On-the-Road Tips for Safe Travel in Snow

ANYWHERE IT'S SNOWING -- Driving on area roadways in the kind of weather we're looking at could be difficult -- and lead to unexpected dangers.

A mechanical failure, for example, could leave you stranded -- and help could take a while to reach you. News 11's Shelley Brown found some tips on what you should have in your car -- just in case you have a winter emergency on the road.

You never know when you're going to run into an emergency. Experts say it's better to be prepared, especially if you're traveling long distances. Besides a car tune-up, experts say you'll want to have a full tank of gas and keep a survival kit, including a blanket, in the trunk before you start up your car and hit the road in wintry conditions.

You may want to stock up your trunk with emergency supplies, experts say.

"I think a lot of people should have a little bit of food. Something that's non-perishable. Granola bars, trail mix, things like that," said Mark Hetrick, assistant manager at The Andersons.

In addition to food, Hetrick says it's a good idea to have an auto safety kit "just-in case."

A 92-piece safety kit has a flashlight, rope, road hazard indicator, tools to change a tire and jumper cables. If you're on your own with a dead battery, jumper cables won't help. But a portable "jump start" will.

"It's a combination of a very bright light and an actual 12-volt power station with jumper cable. It's like having the other car with its battery there for you," Hetrick said.

Also, a de-icer spray and scraper all in one can come in handy. And stocking up on de-icer windshield washer fluid is a good idea, too.

An extender snow shovel -- small enough for any trunk -- is also a good idea. And salt. Or even better, cat litter. Experts say it's a nice alternative that gives you an instant grip in snow or ice.
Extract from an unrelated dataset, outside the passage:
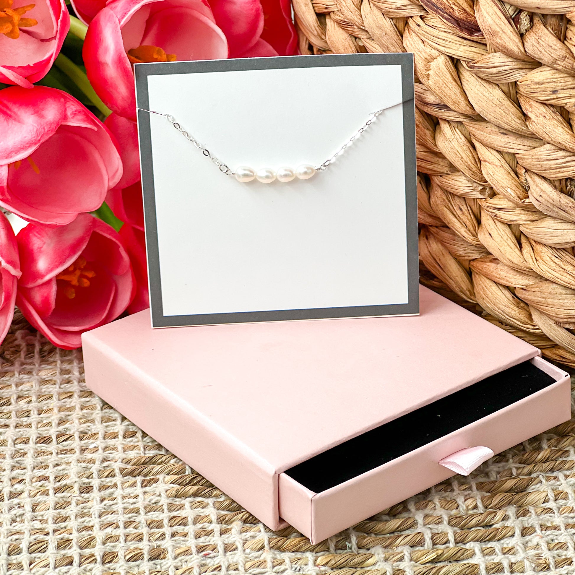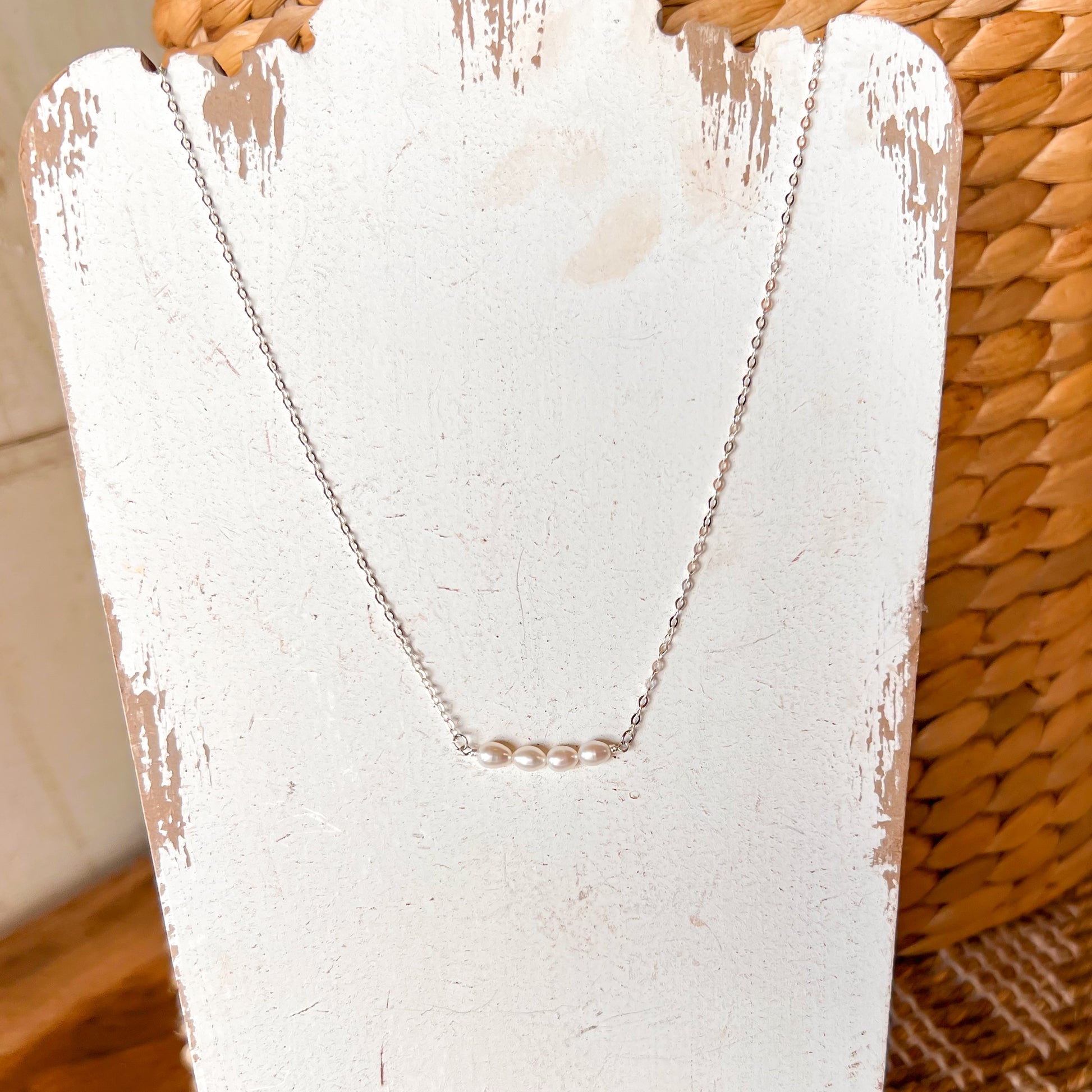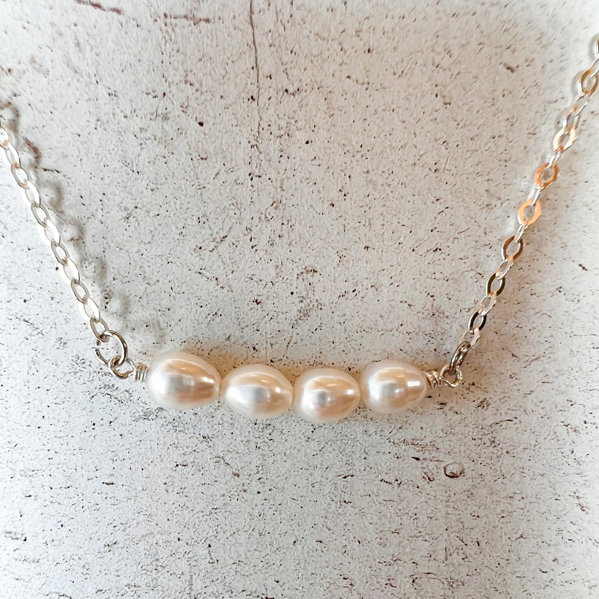 Four Pearl Bar Dainty Pendant Sterling Silver Necklace Perfect for Layering

The idea behind all of this is: Be prepared.

Here's a list of phone numbers and links you can use when winter weather strikes:

Preparing for Safe Winter Travel:

Extreme Cold Safety Guide from the Centers for Disease Control
Cold Weather Fact Sheet from the American Red Cross
Staying Safe in Cold Weather from the American Red Cross
Winter Storms: The Silent Killers from the NOAA

Road Conditions:

Ohio             1-888-264-7623
Michigan       1-800-381-8477
ODOT Transportation System Snow Information
ODOT District 2 Headquarters

Snow Emergency Levels:

According to Ohio Attorney General Opinion 86-023, the Sheriff of a county may declare a snow emergency and temporarily close county and township roads within his jurisdiction for the preservation of the public peace.

Sheriffs in Ohio have established the following guidelines:

  • LEVEL 1: Roadways are hazardous with blowing and drifting snow. Roads are also icy. Drive very cautiously.
  • LEVEL 2: Roadways are hazardous with blowing and drifting snow. Only those who feel it is necessary to drive should be out on the roadways. Contact your employer to see if you should report to work.
  • LEVEL 3: All roadways are closed to non-emergency personnel. No one should be out during these conditions unless it is absolutely necessary to travel. All employees should contact their employer to see if they should report to work. Those traveling on the roadways may subject themselves to arrest.

County sheriffs also have the ability to close all roads in the county, which includes any city road in their jurisdiction.